L'Ad-Com avait été confronté par la FDA à une question oui ou non, en haut ou en bas. "Non" aurait refusé le vaccin à tous les enfants âgés de 5 à 11 ans, y compris les enfants à risque exceptionnel, tels que ceux qui sont immunodéprimés, obèses, souffrant de troubles pulmonaires ou dépendants de l'alimentation par sonde. D'où un « oui » quasi unanime.2

La FDA a prolongé l'EUA le lendemain. 

Si une déclaration devait reconnaître que le besoin de ce vaccin varie selon la population pédiatrique, elle devrait alors provenir des Centers for Disease Control and Prevention.
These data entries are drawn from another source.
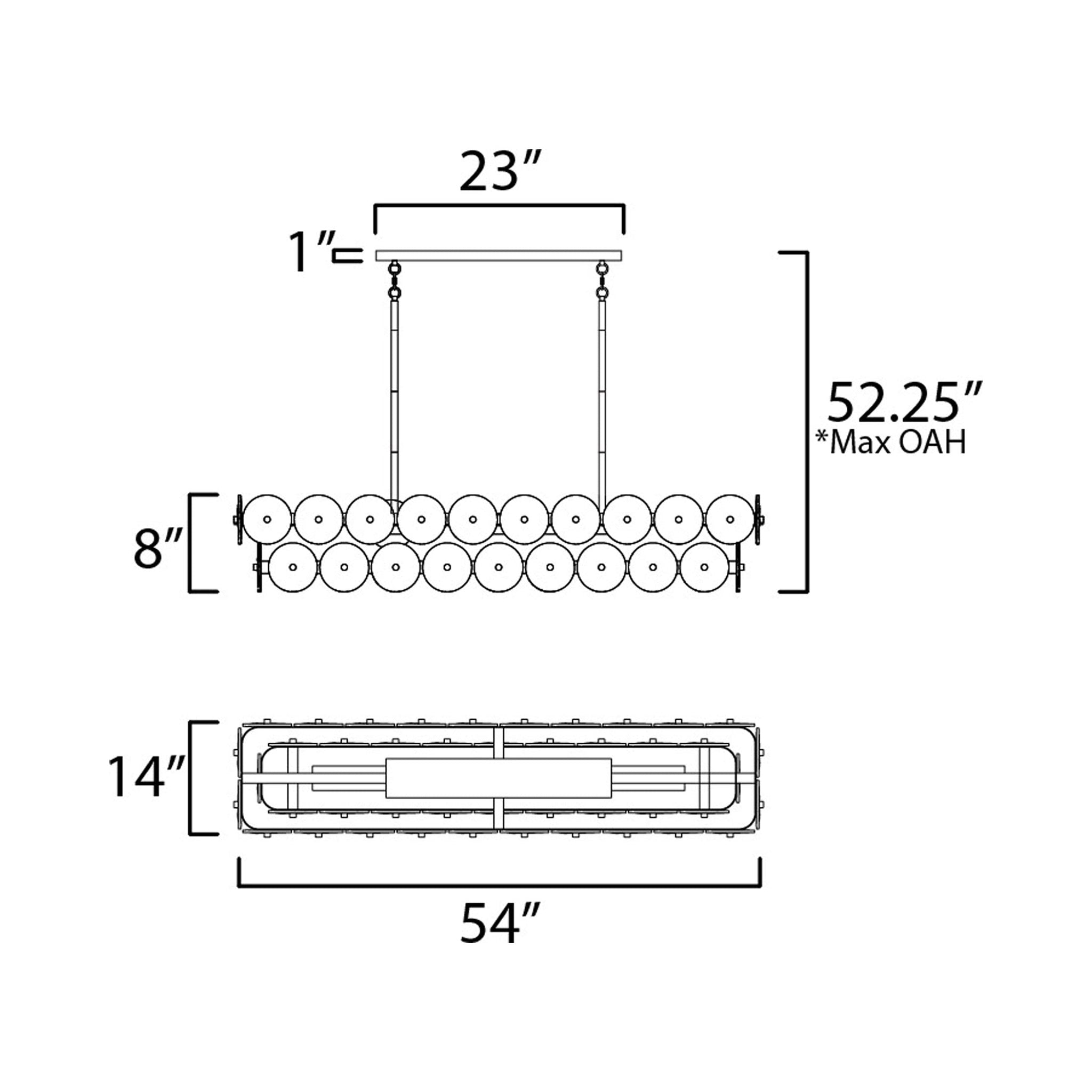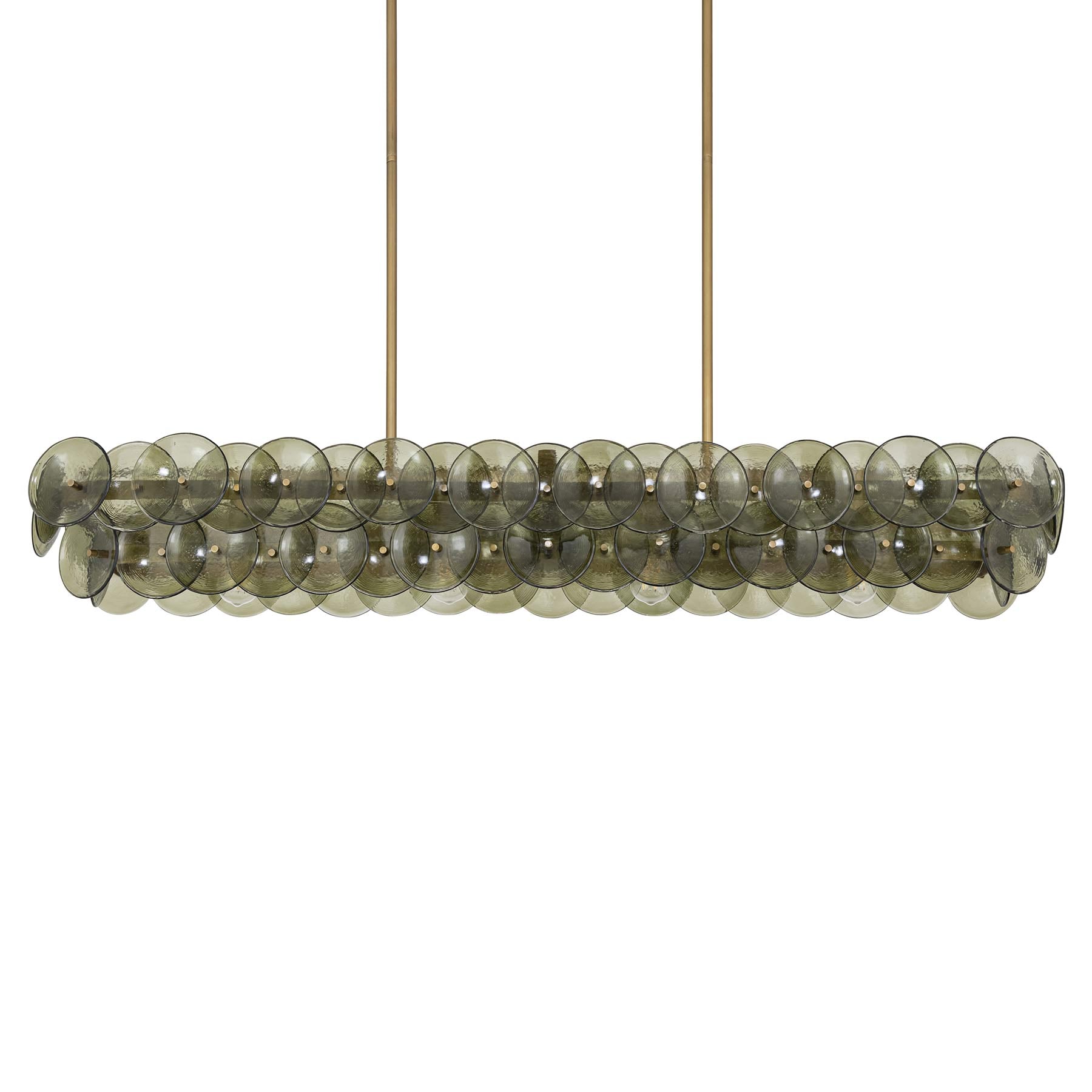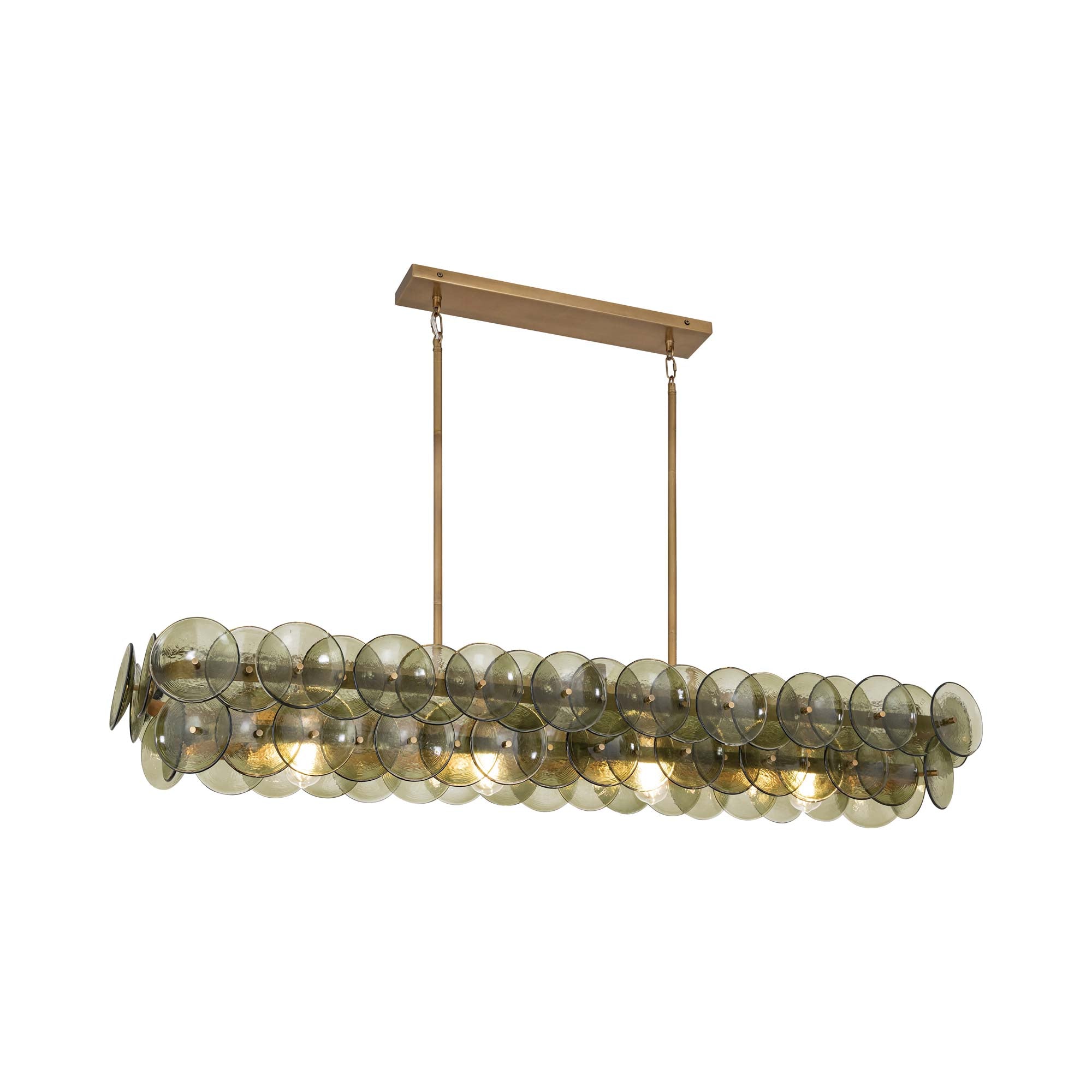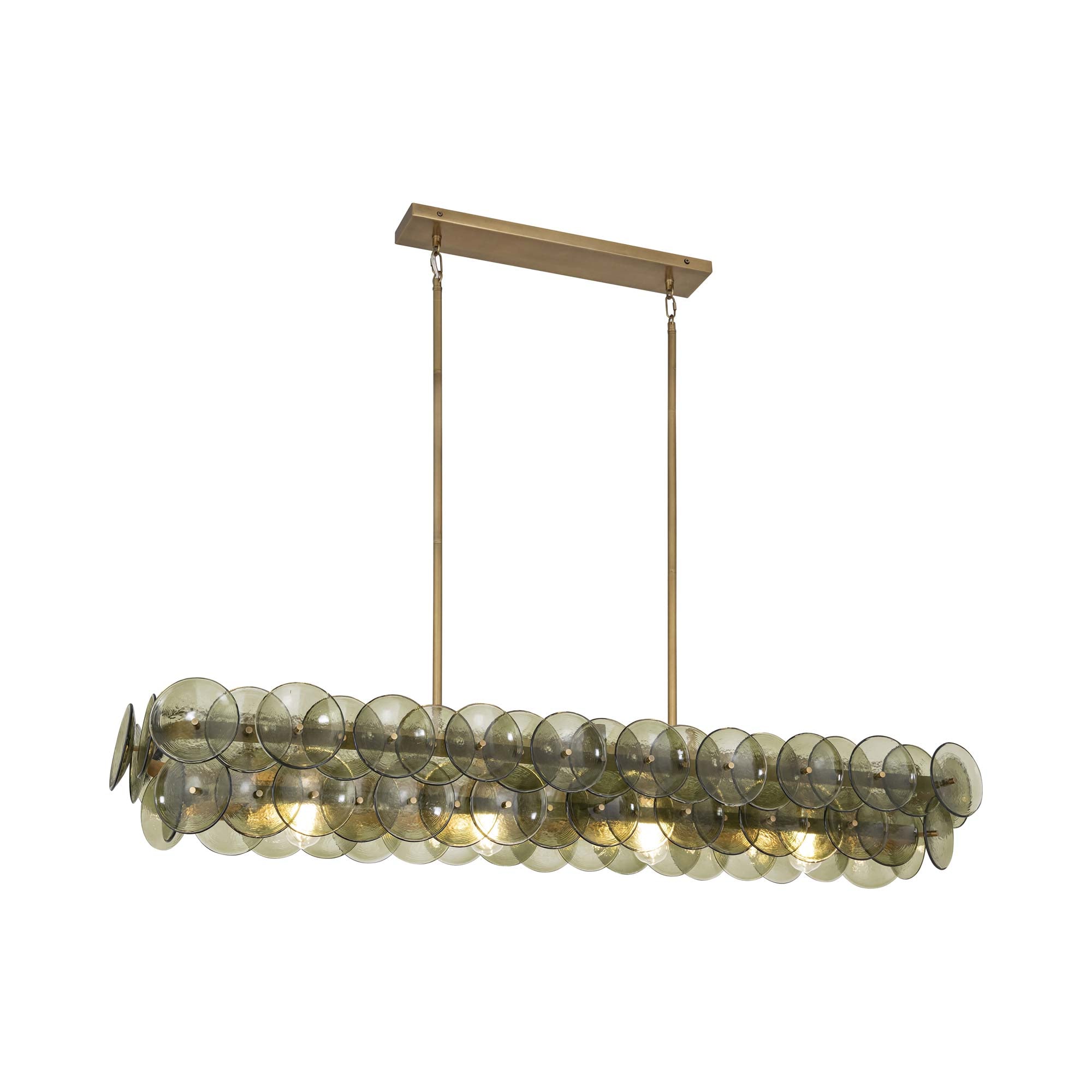 Hyped up with an eclectic design, the Loren Linear Chandelier from Maxim Lighting produces an insightful foray into transitional style. This chic light is perfect for placement over a kitchen island or bar space as its oval frame and matching metal canopy deliver critical spatial interruption. Festive textured glass wafers align to act as light diffusers as well as decorative elements.
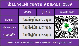 ส่วนราคาเฉลี่ยยางแผ่นรมควันคุณภาพดีวันนี้ ไม่มีผู้ยื่นประมูล
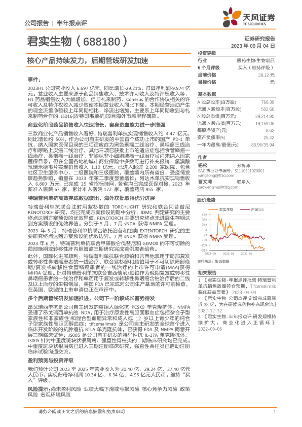 本报告对君实生物2023年半年度报告进行了深入分析,核心观点如下:
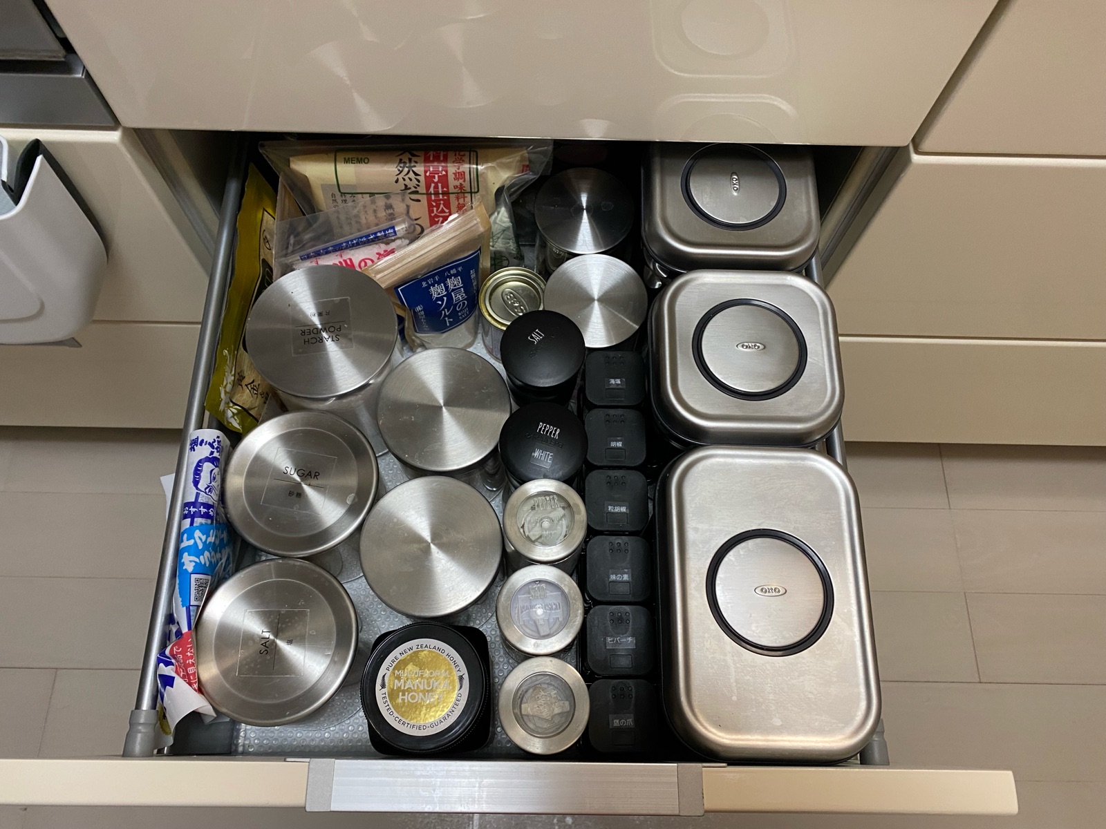 移し替える前もシルバーのステンレス蓋の容器だったので、見た目的には

Mais la semaine suivante, Rochelle Walensky, la directrice du CDC : "Nous étendons maintenant les recommandations de vaccins à plus de 28 millions d'enfants aux États-Unis."3 

Pas beaucoup de nuances là-dedans. Vingt-huit millions seraient… tout le monde, tous les enfants de 5 à 11 ans. 

Les mandats sont-ils les prochains ?

Peter Marks, qui dirige l'unité de la FDA chargée de superviser les examens des vaccins, avait donné à l'Ad-Com cette assurance : "Certains gouverneurs ont déjà annoncé qu'ils ne feraient pas de mandat tant qu'il n'y aurait pas d'approbation, par opposition à une autorisation d'utilisation d'urgence".  

Il y aurait de bonnes raisons pour que le Dr Marks contourne la politique des vaccins. Au milieu de la poussée pan-vaxxing frénétique de l'administration Biden, la FDA avait reçu 143,499 XNUMX commentaires d'un public profondément divisé sur ce vaccin si nouveau pour la science médicale. Pourtant, le problème n'est pas les mandats avant une approbation formelle du vaccin par la FDA. C'est ce que les gouverneurs feront après. Gavin Newsom en Californie a déjà annoncé que chaque écolier de l'État devra recevoir le coup.4 Kathy Hochul à New York dit qu'elle « gardera toutes les options sur la table à coup sûr ».5 

Est-il toujours acceptable de demander, quelle est l'urgence ? Quelle est l'urgence, au moins, pour les enfants en bonne santé ? L'incidence de la maladie grave de Covid chez les enfants n'a rien à voir avec celle des adultes. Le taux de mortalité chez les enfants en bonne santé est si faible qu'il est difficile à mesurer.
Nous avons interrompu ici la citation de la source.